• ACTION ITEM: Every line below from the one with "请问跟随器后的那级OPA847怎样匹配电阻网络比较好呢?谢谢指导" through the one with "Niccolò Corrado of" should be retyped exactly, both ends included; no other lines and no pictures.

• RECORDS FOR THIS EXERCISE:
►

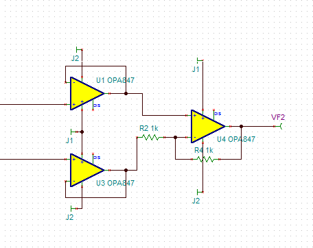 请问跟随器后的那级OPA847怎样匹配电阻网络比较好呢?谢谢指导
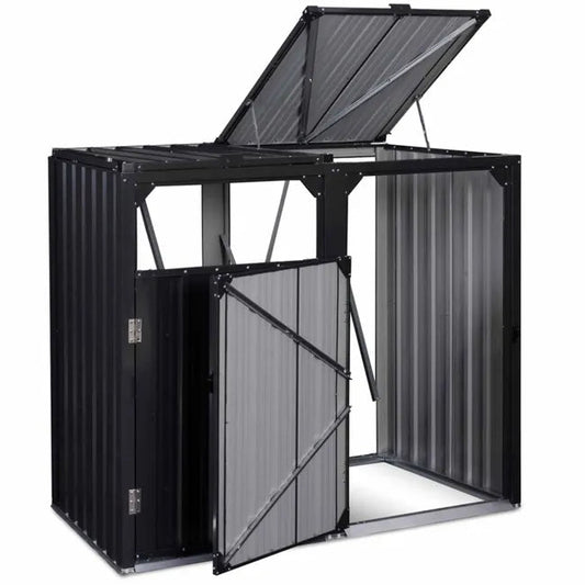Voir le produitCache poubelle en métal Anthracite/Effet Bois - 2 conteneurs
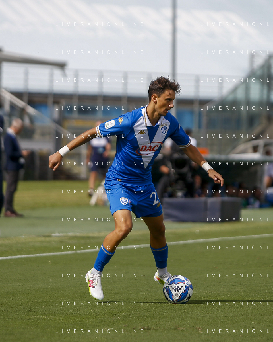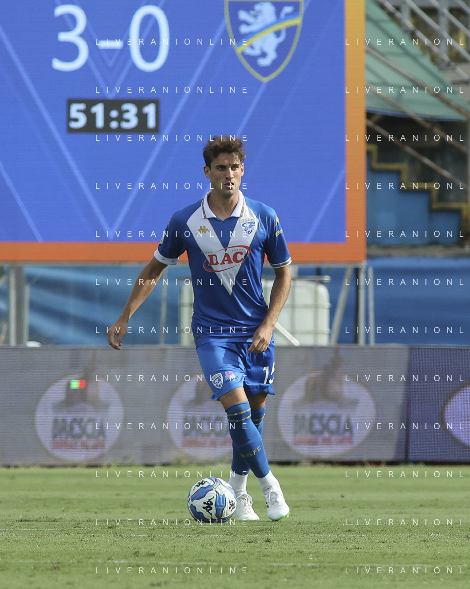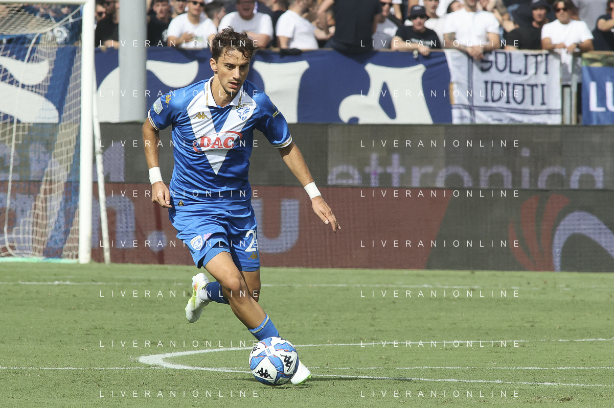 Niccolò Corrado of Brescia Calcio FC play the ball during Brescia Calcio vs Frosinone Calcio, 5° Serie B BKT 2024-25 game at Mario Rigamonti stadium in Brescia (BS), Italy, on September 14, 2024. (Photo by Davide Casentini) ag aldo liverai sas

◄
►

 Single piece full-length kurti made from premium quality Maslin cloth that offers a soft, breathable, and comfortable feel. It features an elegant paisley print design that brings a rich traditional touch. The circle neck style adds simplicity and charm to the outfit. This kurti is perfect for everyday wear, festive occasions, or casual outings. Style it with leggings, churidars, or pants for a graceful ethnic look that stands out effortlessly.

◄
►

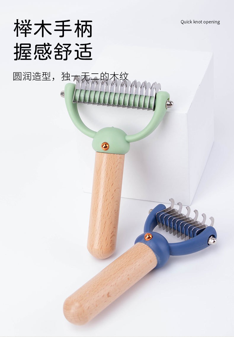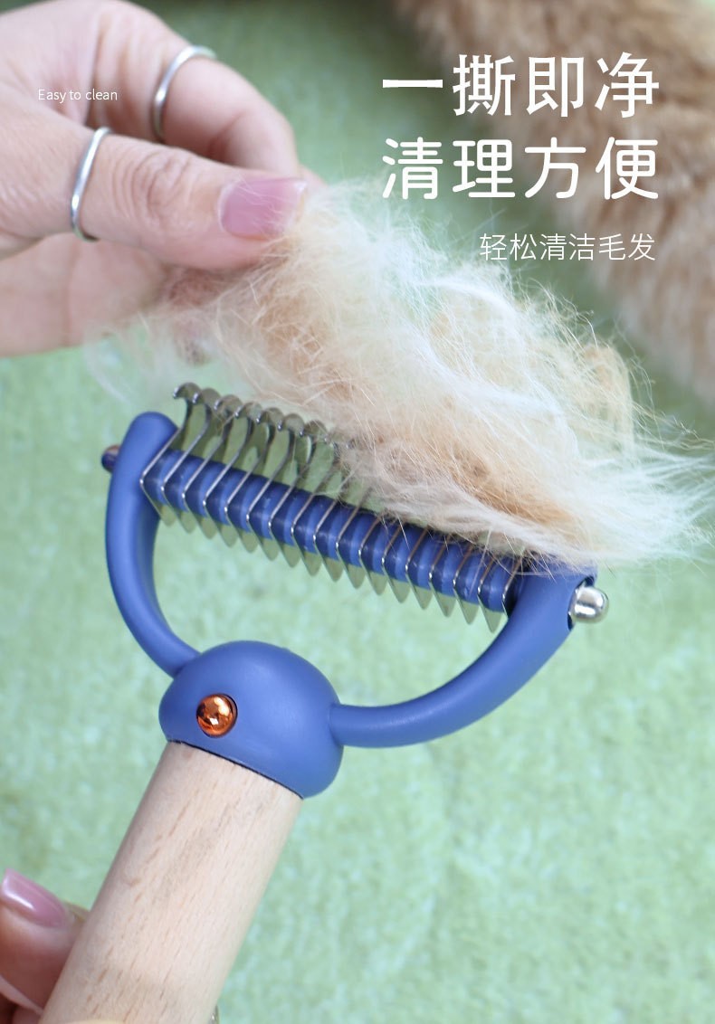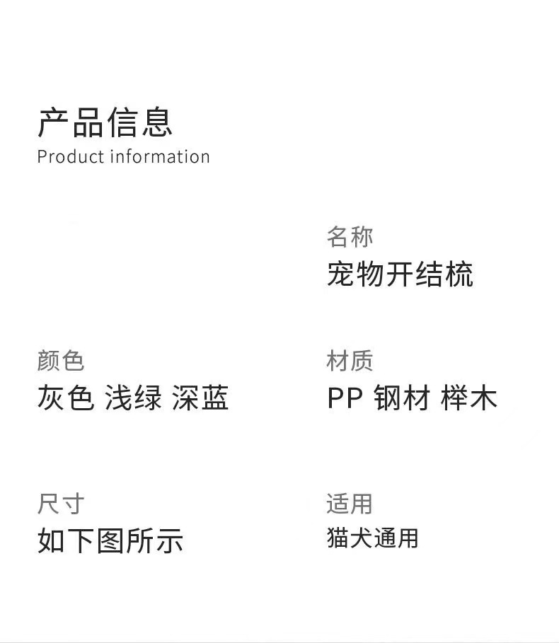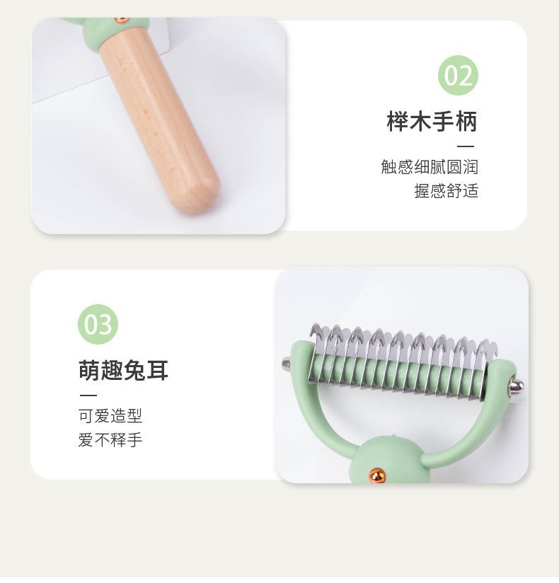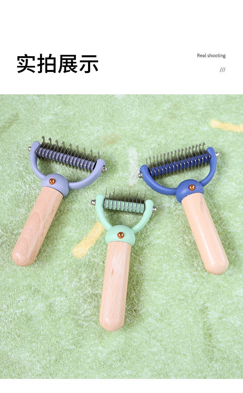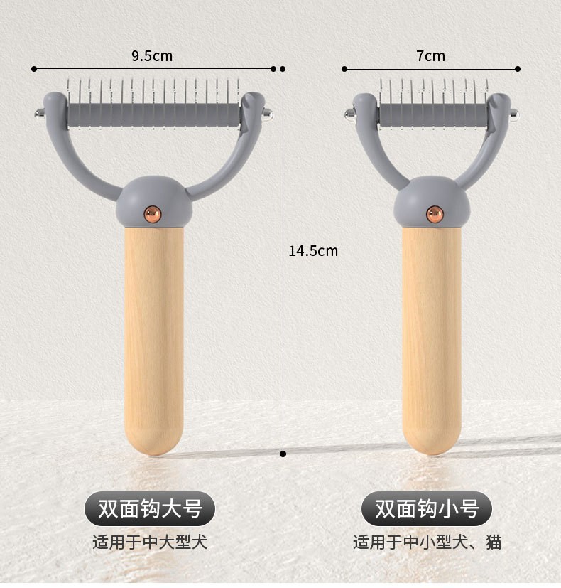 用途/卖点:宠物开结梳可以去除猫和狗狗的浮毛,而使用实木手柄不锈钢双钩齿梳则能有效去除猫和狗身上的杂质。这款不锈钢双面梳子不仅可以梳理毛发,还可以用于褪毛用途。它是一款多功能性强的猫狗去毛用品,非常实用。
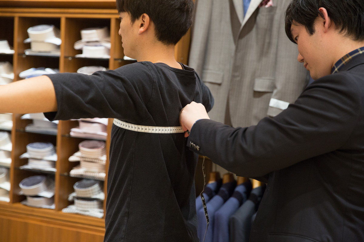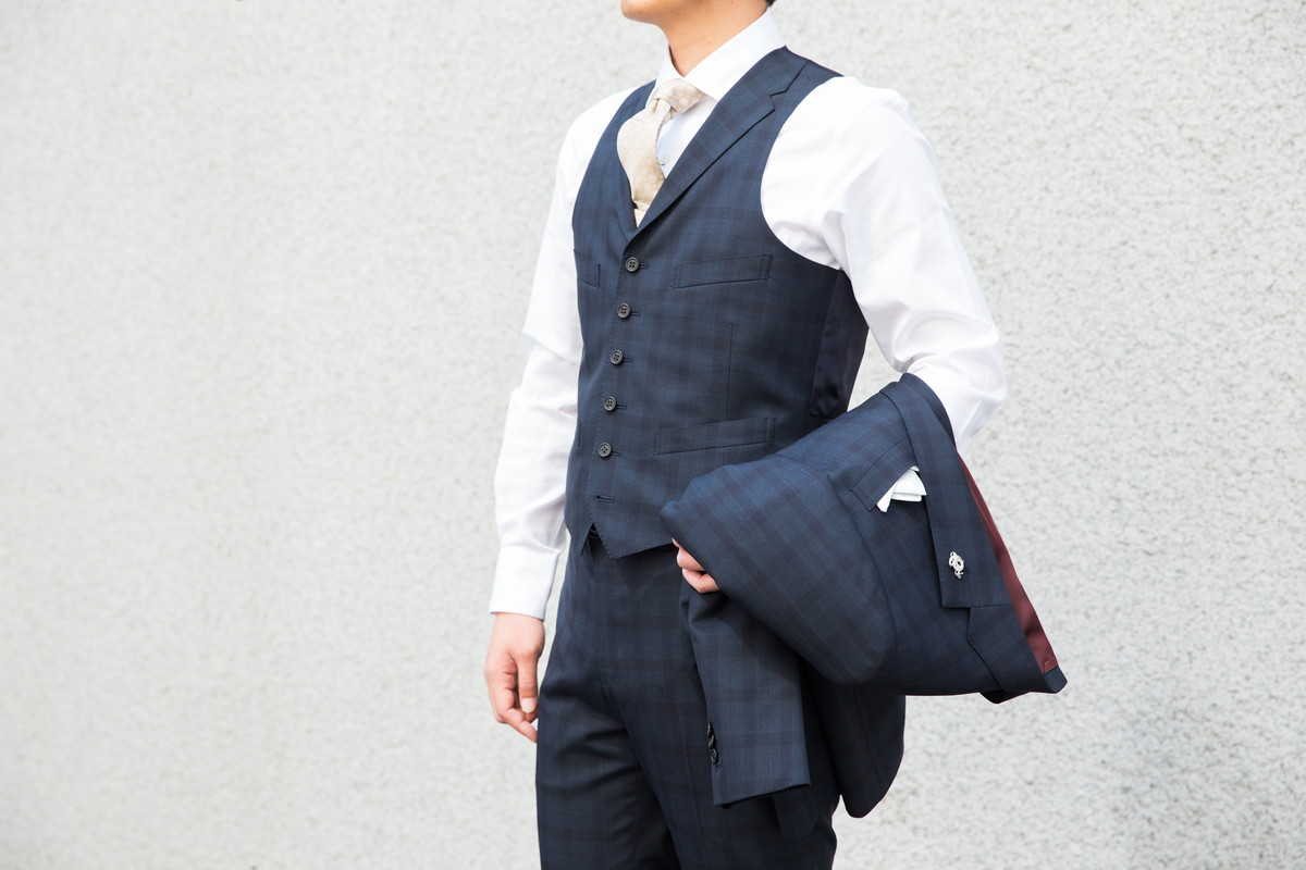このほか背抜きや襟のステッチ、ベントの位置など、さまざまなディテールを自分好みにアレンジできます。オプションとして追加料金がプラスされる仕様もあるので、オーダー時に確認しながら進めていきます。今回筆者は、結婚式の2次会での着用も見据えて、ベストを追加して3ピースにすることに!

◄

• COMPLETED TASK:
 请问跟随器后的那级OPA847怎样匹配电阻网络比较好呢?谢谢指导
Voir le produitCache poubelle en métal Anthracite/Effet Bois - 2 conteneurs
 Niccolò Corrado of Brescia Calcio FC play the ball during Brescia Calcio vs Frosinone Calcio, 5° Serie B BKT 2024-25 game at Mario Rigamonti stadium in Brescia (BS), Italy, on September 14, 2024. (Photo by Davide Casentini) ag aldo liverai sas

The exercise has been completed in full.